Number of Hedge Fund Holders In Q1 2025: 81

NIKE, Inc. (NYSE:NKE) is a well-known American athletic apparel company. Its shares are up by a modest 3.7% year-to-date, primarily on the back of a massive 22% jump since late June. NIKE, Inc. (NYSE:NKE)’s stock has struggled in 2025 due to the potential impact of tariffs on its business due to the firm’s global supply chain. However, the shares gained in June after NIKE, Inc. (NYSE:NKE)’s fiscal fourth quarter EPS and revenue of $0.14 and $11.10 billion beat analyst estimates of $0.13 and $10.72 billion. Investors were also bullish after CEO Elliot Hill commented during the earnings call that NIKE, Inc. (NYSE:NKE)’s worst days were behind it and the firm would continue to improve future performance. However, Cramer asserted that the strong share price performance was partly also due to an idea-driven market:

“Let’s take the case of, say, Nike. Okay. So Nike reports a good number. Now the stock will typically be up three. Now it’s up 15. Okay because people are saying ooh I want to be in Nike. Now what I’m saying is I can ignore that and focus 100% on the ten basis points that will no doubt move within the next 24 hours. People don’t even know what a basis point is anymore. Do you think a millennial knows what a basis point is? A basis point. Yeah.”

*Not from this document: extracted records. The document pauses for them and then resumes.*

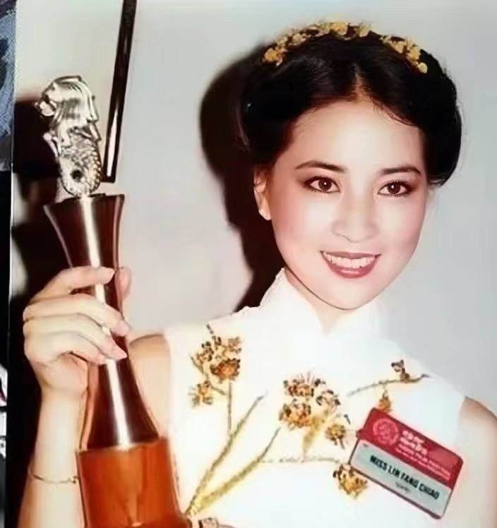 一旁的林鳳嬌,同樣讓人難忘,盤著公主頭,五官布局緊致,眼神溫溫柔柔,美在大方,手捧著獎杯,甜笑面對鏡頭。
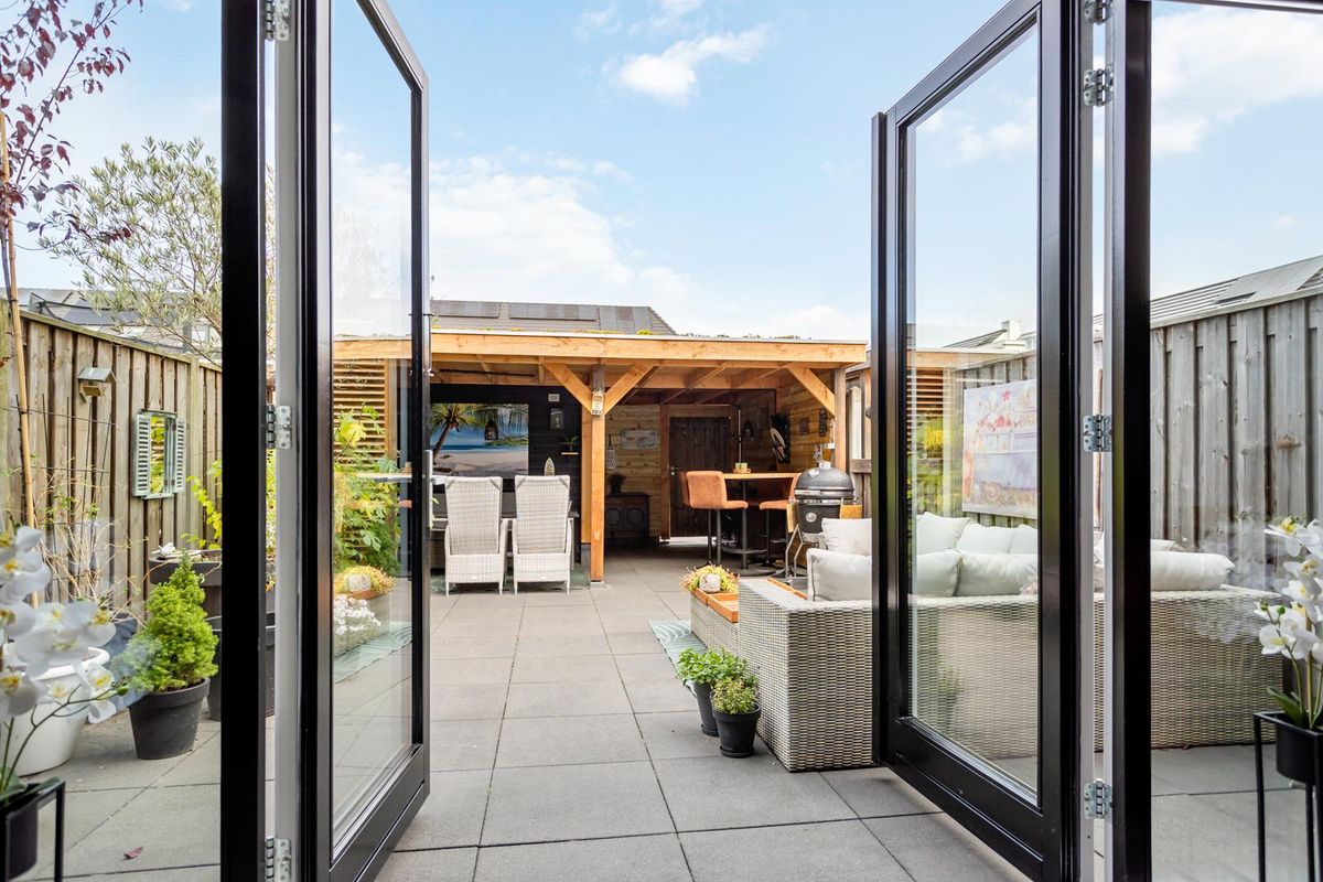 De achtertuin is een heerlijke plek om te ontspannen: verzorgd aangelegd, met achterin twee eigen parkeerplaatsen, een stenen berging en een overkapping. Aan de voorzijde ligt bovendien een gezamenlijk tuin/hofje, waarvan de bewoners mede-eigenaar zijn – een fijne plek om samen te genieten van het groen.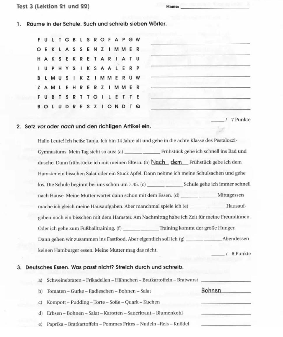 (d) Nach dem Mittagessen mache ich gleich meine Hausaufgaben. Aber manchmal spiele ich noch ein bisschen mit dem Hamster. Am Nachmittag habe ich Zeit für meine Freundinnen. Oder ich gehe zum Fußballtraining.

Earlier, the CNBC host shared he was conflicted about NIKE, Inc. (NYSE:NKE):

“I’m conflicted on Nike. On the positive side, the new CEO has a clear strategic plan to turn things around by focusing on running, basketball, football, training, and sportswear…

I simply think that the stock is more de-risked than it’s been in quite some time after two consecutive kitchen sink quarters where management did everything they could to reset expectations… All that said, while there are real positives here, including indications that China’s actually stronger than you would expect, I find it hard to get too bullish on Nike because this brand just ain’t what it used to be. In particular, I worry about the competition in athletic footwear, which has long been Nike’s bread and butter… It also didn’t help that Nike got pretty aggressive with its pricing…

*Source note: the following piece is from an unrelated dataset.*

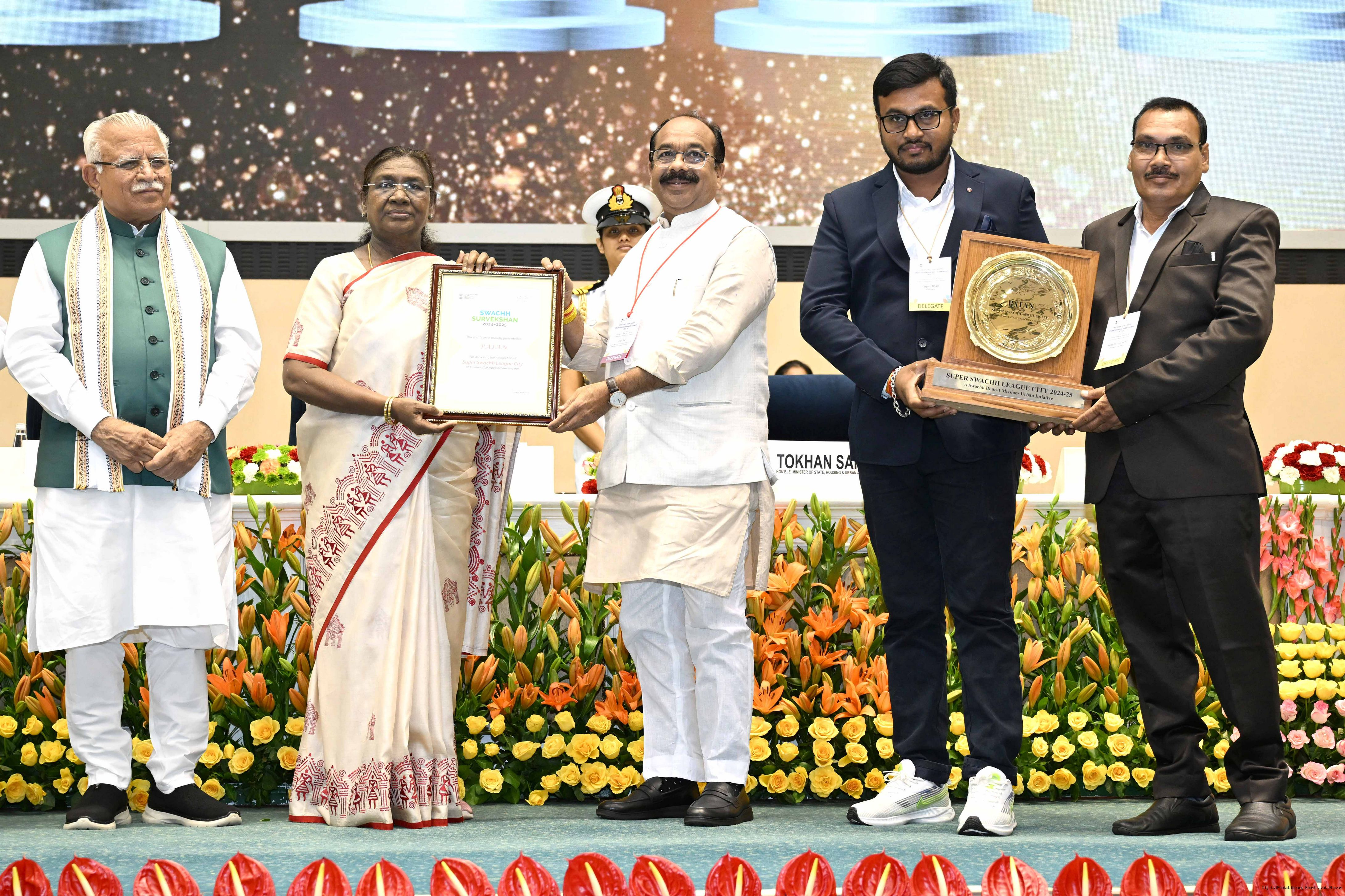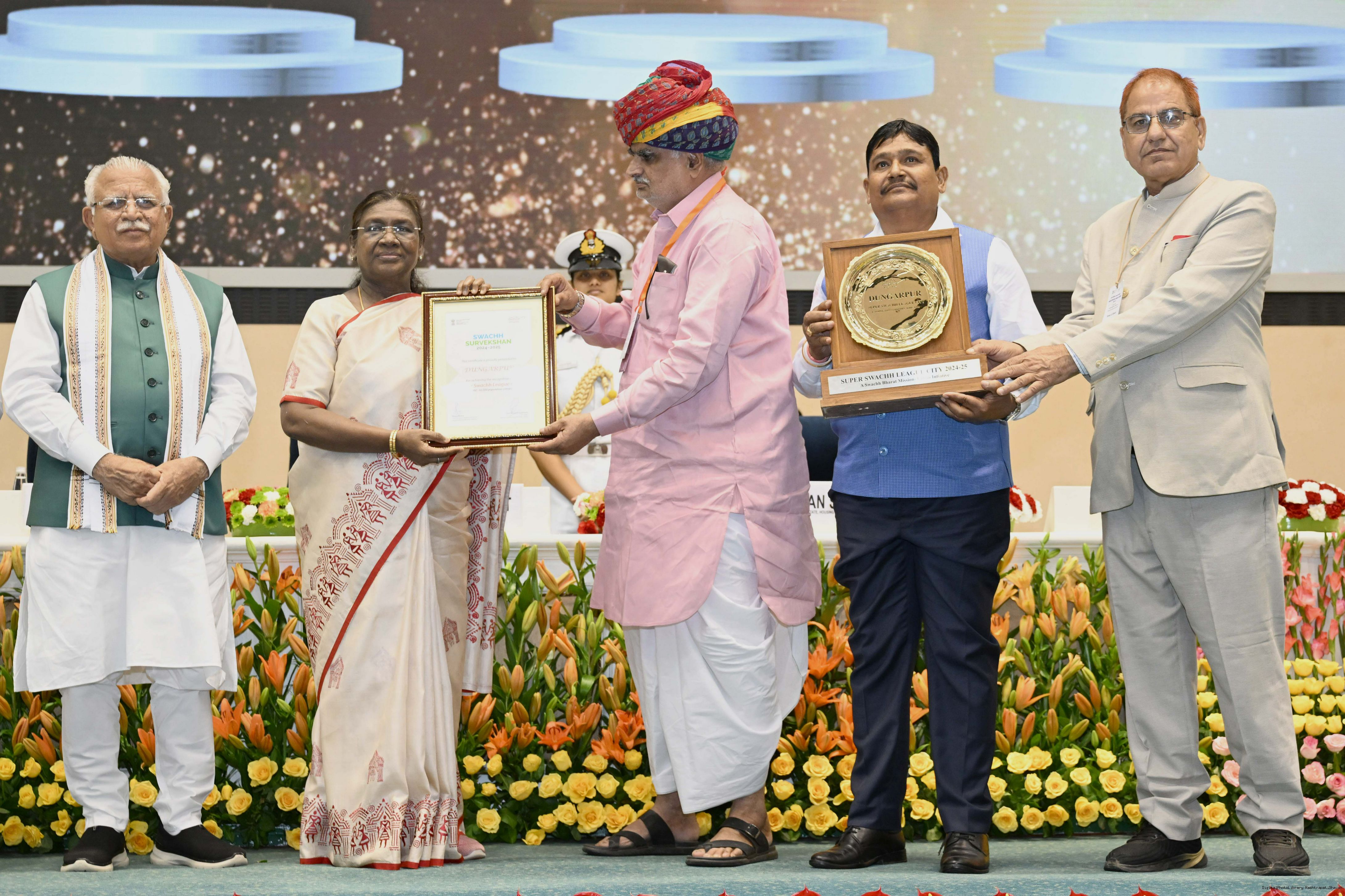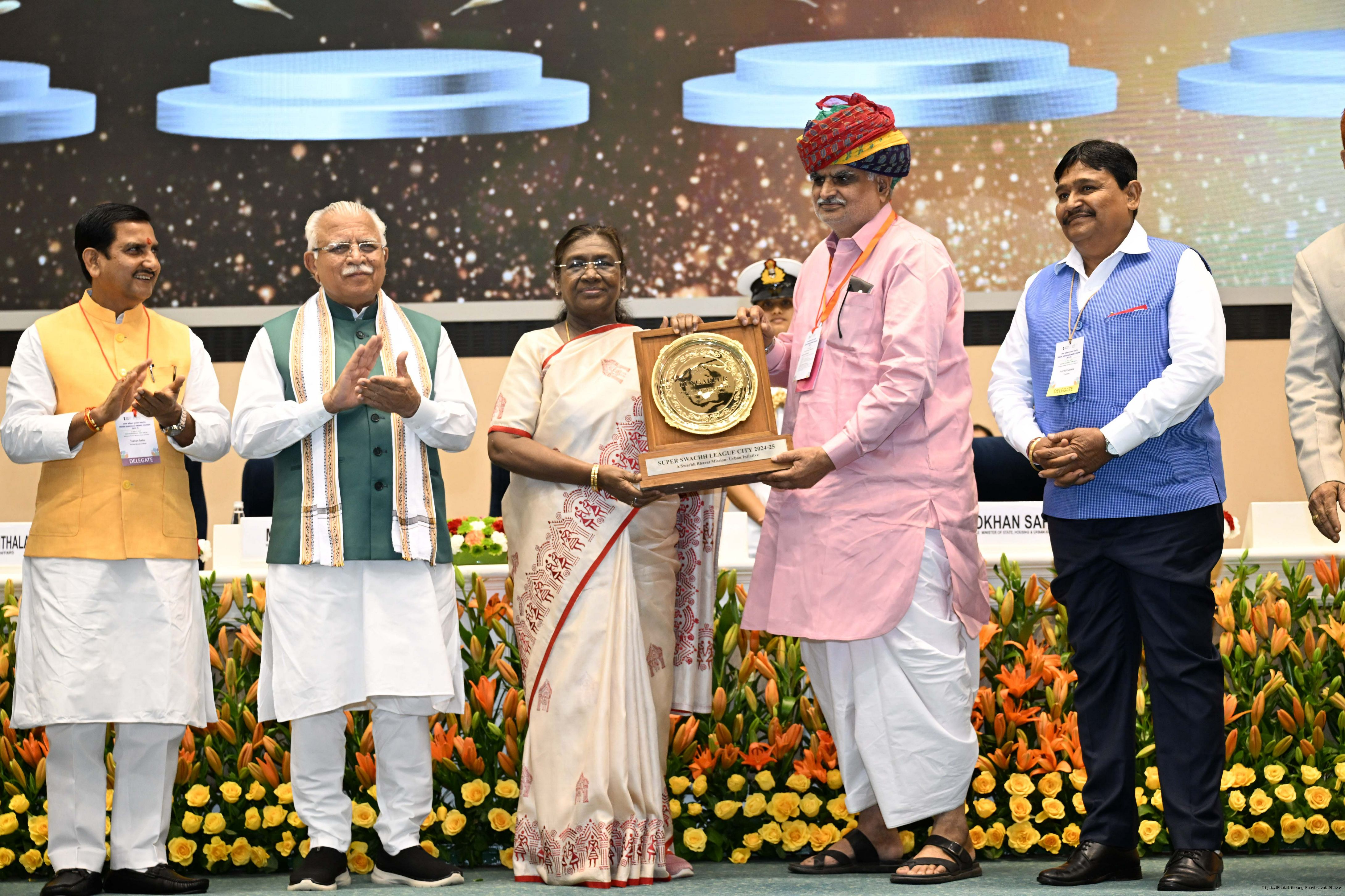 | Caption: | The President of India, Smt Droupadi Murmu, presented Swachh Survekshan awards at a function organized by the Ministry of Housing and Urban Affairs in New Delhi on July 17, 2025. |

So here’s where I come down on Nike: I believe it can mount a comeback, but I also think that a meaningful complete turnaround could take a longer time than expected. If you’re tempted to play a turnaround here, and I don’t blame you, I would start with a small position. That way, if something else goes wrong, you can buy more into weakness, pyramid style, or you can just cut your losses. And if Nike reports a good quarter with healthy guidance next month, well, you’ll get a chance to capture some upside.

The bottom line: I am optimistic that the worst is indeed behind Nike, or at least will be soon. And I think there’s a good chance for a comeback, especially with a seasoned hands-on Nike veteran like Elliott Hill at the helm. That said, I don’t have a ton of conviction in the turn happening quickly, so I’d advise you to start slowly with a small position and only buy more if Nike gives you a good reason to pull the trigger.”